- **DATA SHOWN**:
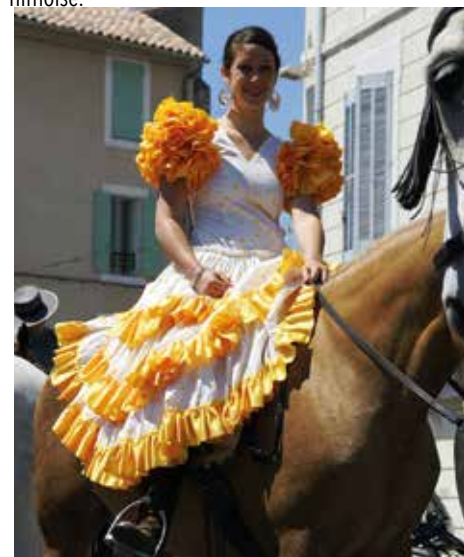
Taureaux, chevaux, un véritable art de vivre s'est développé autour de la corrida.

* * *

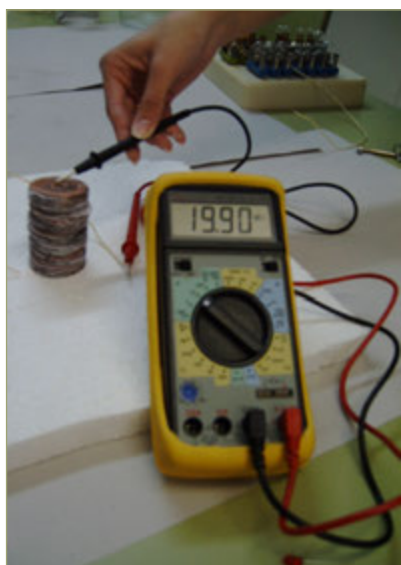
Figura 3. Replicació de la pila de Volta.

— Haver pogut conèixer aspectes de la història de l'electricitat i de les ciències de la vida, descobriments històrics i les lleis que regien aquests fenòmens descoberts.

- **PROBLEM TO SOLVE**: Reproduce, exactly as they stand in the data above, the lines from the one that holds "Figura 3. Replicació de la pila de Volta." to the one that holds "aquests fenòmens descoberts.", inclusive.

- **RESPONSE**:
Figura 3. Replicació de la pila de Volta.

— Haver pogut conèixer aspectes de la història de l'electricitat i de les ciències de la vida, descobriments històrics i les lleis que regien aquests fenòmens descoberts.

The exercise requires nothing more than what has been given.